PROBLEM
Going through the material below, output exactly the lines from the one containing "Mizuno's Front Office" through the one containing "Bloomberg Technoz, Jakarta", and no pictures.

─── RECORDS FOR THE EXERCISE ───

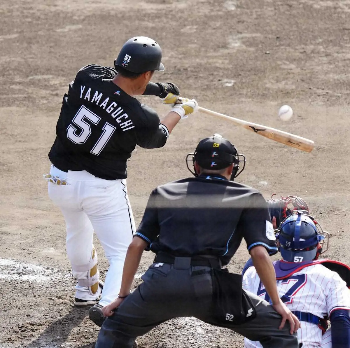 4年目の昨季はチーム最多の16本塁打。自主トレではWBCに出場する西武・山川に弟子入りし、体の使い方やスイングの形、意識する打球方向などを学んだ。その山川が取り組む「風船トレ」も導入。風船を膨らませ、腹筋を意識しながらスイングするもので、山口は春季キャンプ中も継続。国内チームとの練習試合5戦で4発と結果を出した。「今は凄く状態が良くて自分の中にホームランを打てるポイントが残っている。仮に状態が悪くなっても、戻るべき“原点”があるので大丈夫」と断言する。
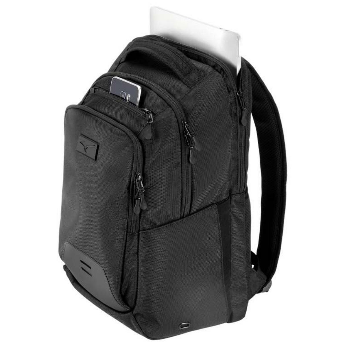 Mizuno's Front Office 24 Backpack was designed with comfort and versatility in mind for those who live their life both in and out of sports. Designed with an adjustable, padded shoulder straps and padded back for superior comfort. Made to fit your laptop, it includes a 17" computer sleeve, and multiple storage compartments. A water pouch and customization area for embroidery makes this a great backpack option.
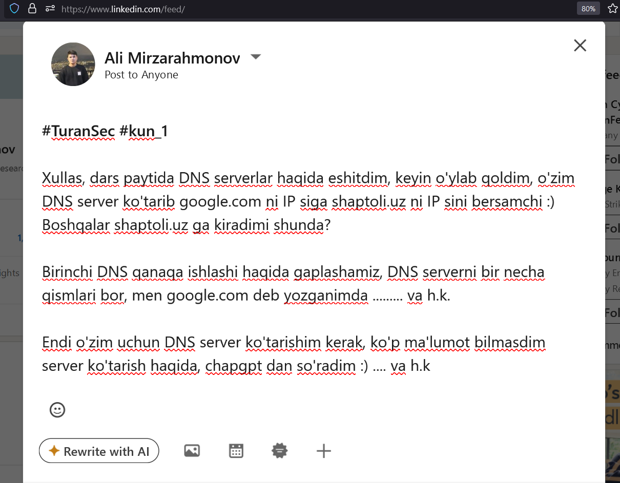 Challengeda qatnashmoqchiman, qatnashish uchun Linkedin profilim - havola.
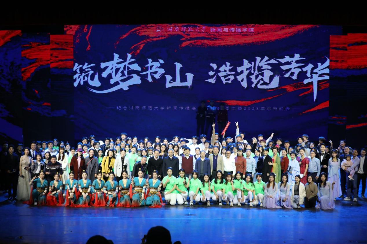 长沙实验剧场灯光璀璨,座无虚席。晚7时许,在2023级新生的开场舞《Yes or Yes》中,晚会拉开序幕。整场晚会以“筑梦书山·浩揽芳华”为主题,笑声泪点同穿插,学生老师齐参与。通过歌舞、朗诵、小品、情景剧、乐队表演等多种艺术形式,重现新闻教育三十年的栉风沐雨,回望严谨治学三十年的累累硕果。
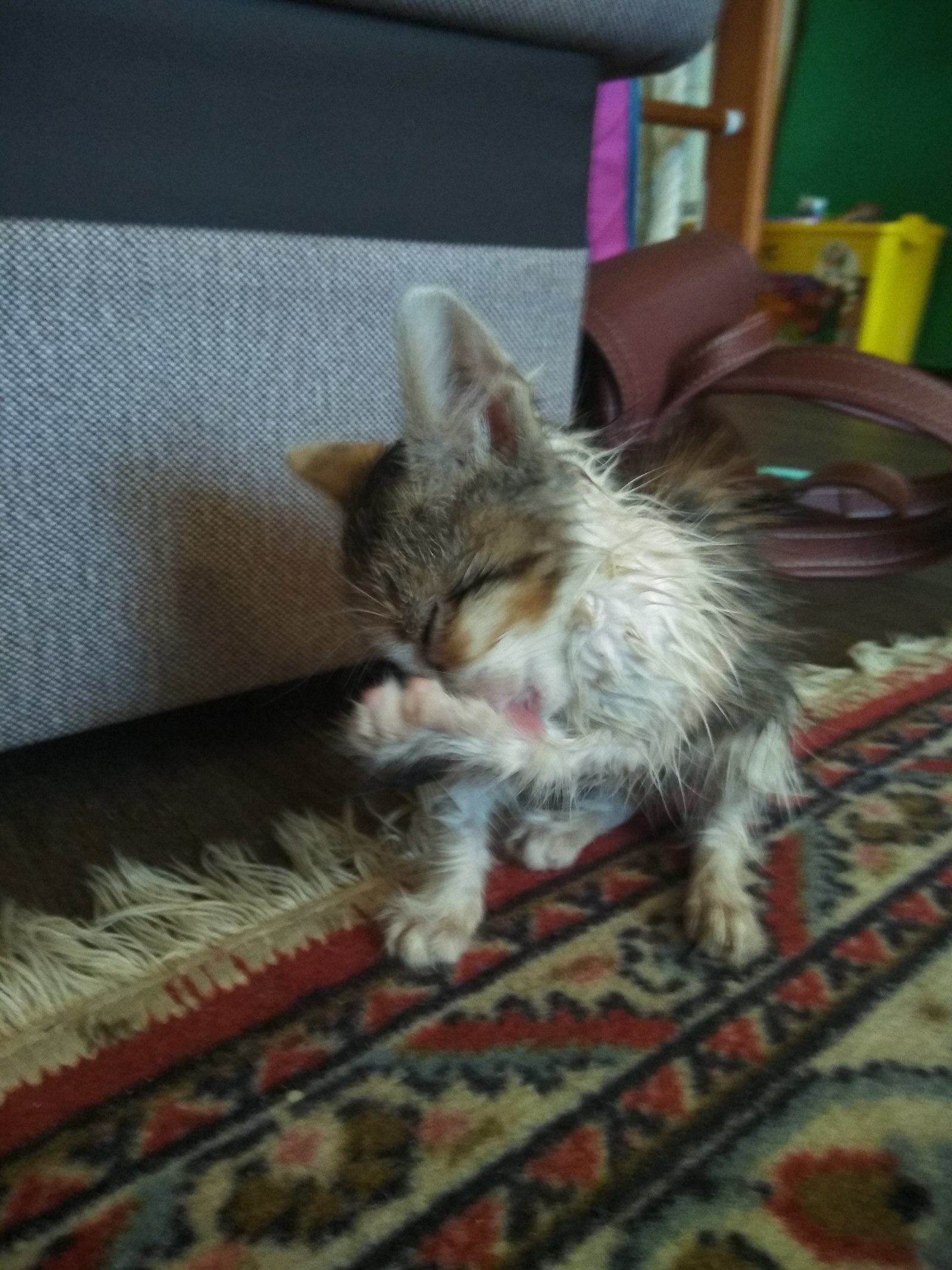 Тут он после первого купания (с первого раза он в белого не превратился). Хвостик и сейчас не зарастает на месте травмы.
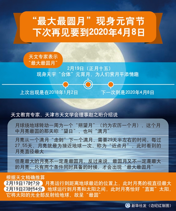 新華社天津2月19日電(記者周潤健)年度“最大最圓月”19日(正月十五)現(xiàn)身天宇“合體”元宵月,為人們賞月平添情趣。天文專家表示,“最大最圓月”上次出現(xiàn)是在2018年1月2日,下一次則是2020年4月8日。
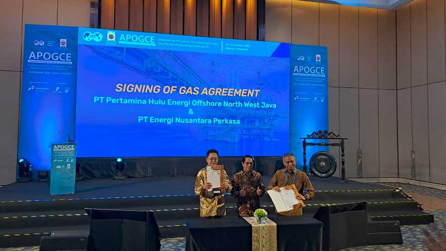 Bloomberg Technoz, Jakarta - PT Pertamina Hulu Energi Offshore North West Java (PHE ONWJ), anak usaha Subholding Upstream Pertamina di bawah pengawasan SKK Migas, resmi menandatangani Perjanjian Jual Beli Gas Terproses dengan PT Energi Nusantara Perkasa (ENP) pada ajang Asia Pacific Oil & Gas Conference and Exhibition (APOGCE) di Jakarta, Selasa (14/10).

───
─── RECORDS FOR THE EXERCISE ───

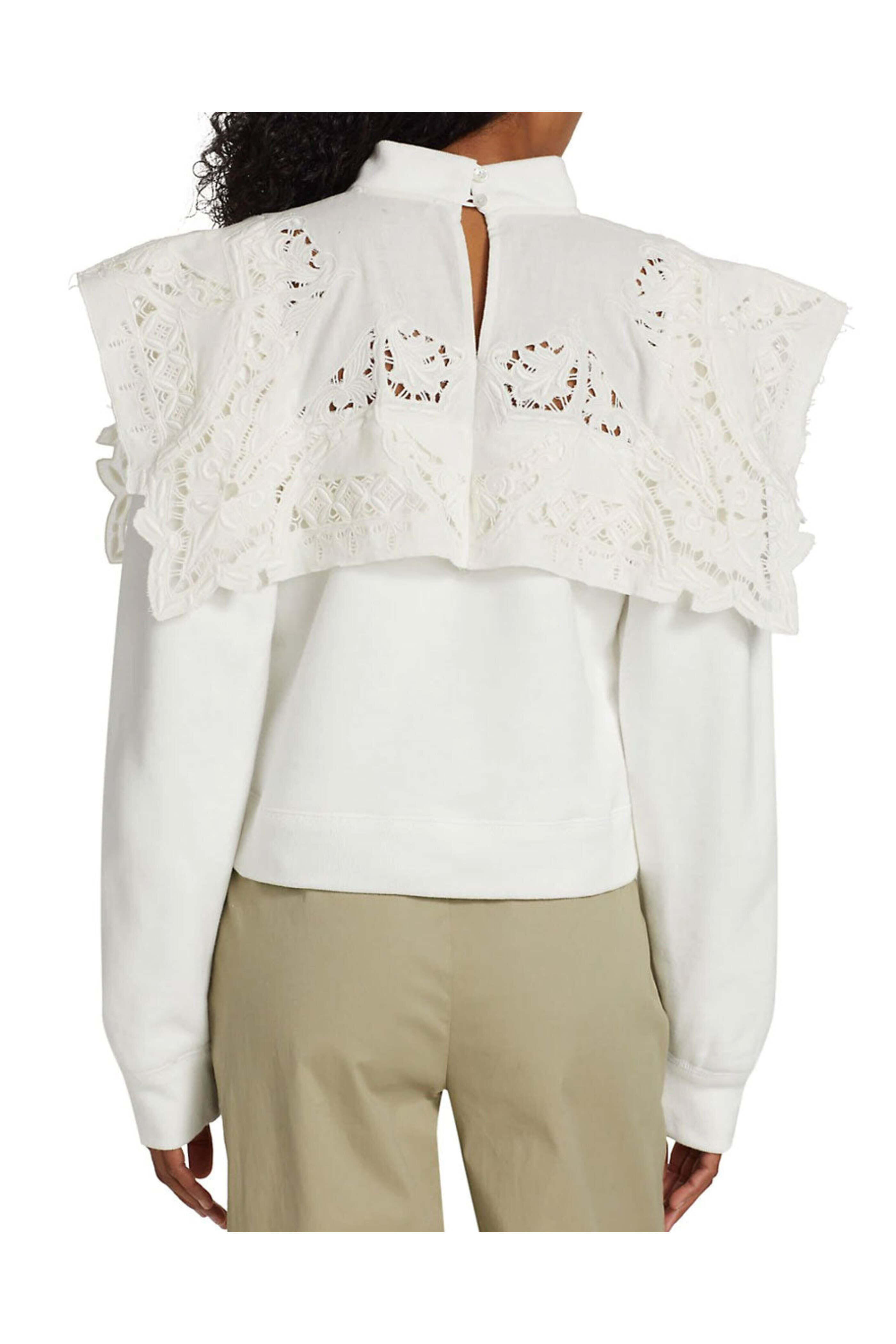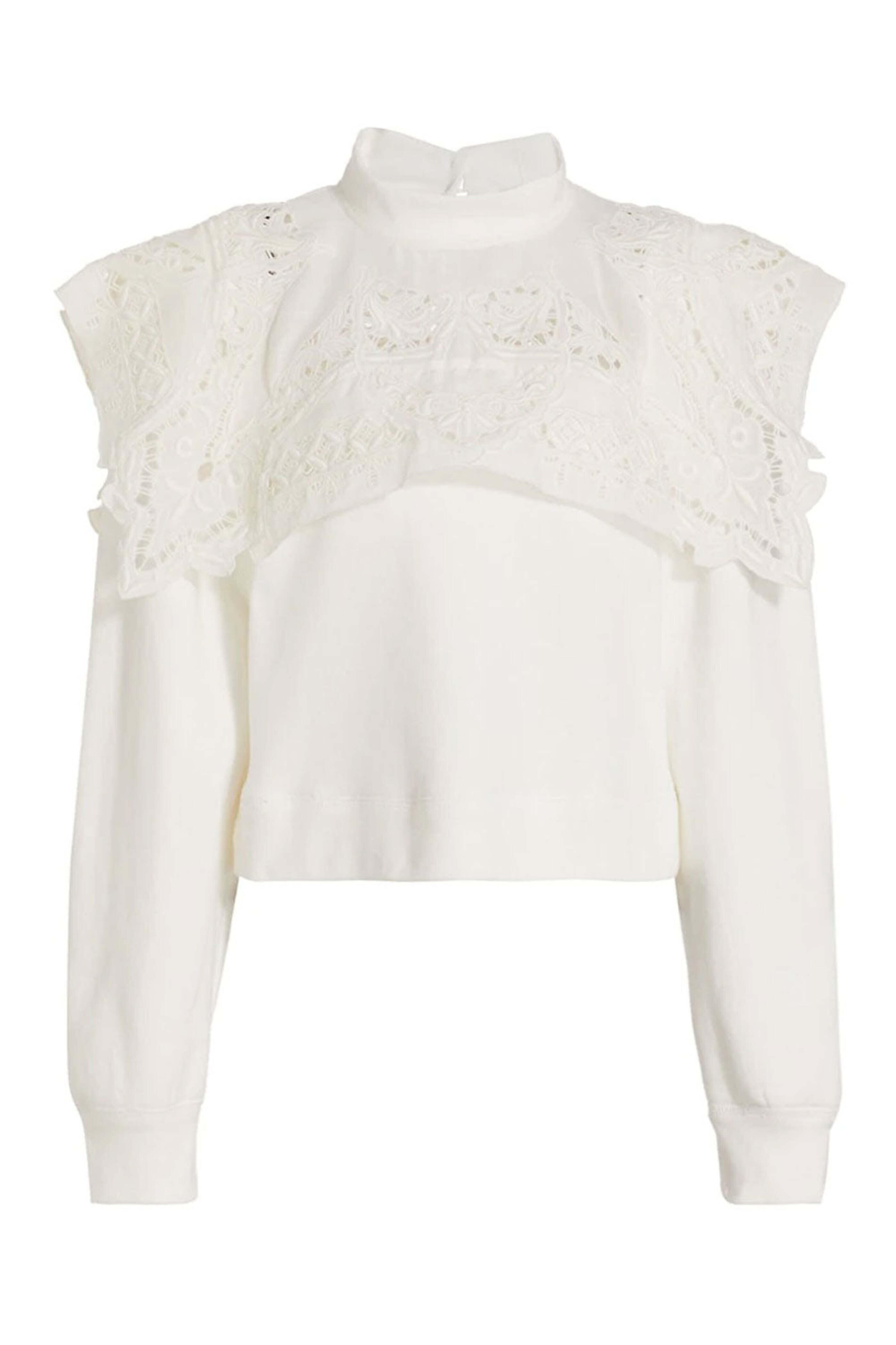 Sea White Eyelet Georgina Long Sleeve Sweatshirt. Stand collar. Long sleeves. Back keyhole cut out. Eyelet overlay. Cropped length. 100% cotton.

───
─── RECORDS FOR THE EXERCISE ───

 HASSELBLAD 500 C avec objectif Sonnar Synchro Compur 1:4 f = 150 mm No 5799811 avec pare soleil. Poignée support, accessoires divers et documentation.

───

WRITTEN ANSWER
 Mizuno's Front Office 24 Backpack was designed with comfort and versatility in mind for those who live their life both in and out of sports. Designed with an adjustable, padded shoulder straps and padded back for superior comfort. Made to fit your laptop, it includes a 17" computer sleeve, and multiple storage compartments. A water pouch and customization area for embroidery makes this a great backpack option.
 Challengeda qatnashmoqchiman, qatnashish uchun Linkedin profilim - havola.
 长沙实验剧场灯光璀璨,座无虚席。晚7时许,在2023级新生的开场舞《Yes or Yes》中,晚会拉开序幕。整场晚会以“筑梦书山·浩揽芳华”为主题,笑声泪点同穿插,学生老师齐参与。通过歌舞、朗诵、小品、情景剧、乐队表演等多种艺术形式,重现新闻教育三十年的栉风沐雨,回望严谨治学三十年的累累硕果。
 Тут он после первого купания (с первого раза он в белого не превратился). Хвостик и сейчас не зарастает на месте травмы.
 新華社天津2月19日電(記者周潤健)年度“最大最圓月”19日(正月十五)現(xiàn)身天宇“合體”元宵月,為人們賞月平添情趣。天文專家表示,“最大最圓月”上次出現(xiàn)是在2018年1月2日,下一次則是2020年4月8日。
 Bloomberg Technoz, Jakarta - PT Pertamina Hulu Energi Offshore North West Java (PHE ONWJ), anak usaha Subholding Upstream Pertamina di bawah pengawasan SKK Migas, resmi menandatangani Perjanjian Jual Beli Gas Terproses dengan PT Energi Nusantara Perkasa (ENP) pada ajang Asia Pacific Oil & Gas Conference and Exhibition (APOGCE) di Jakarta, Selasa (14/10).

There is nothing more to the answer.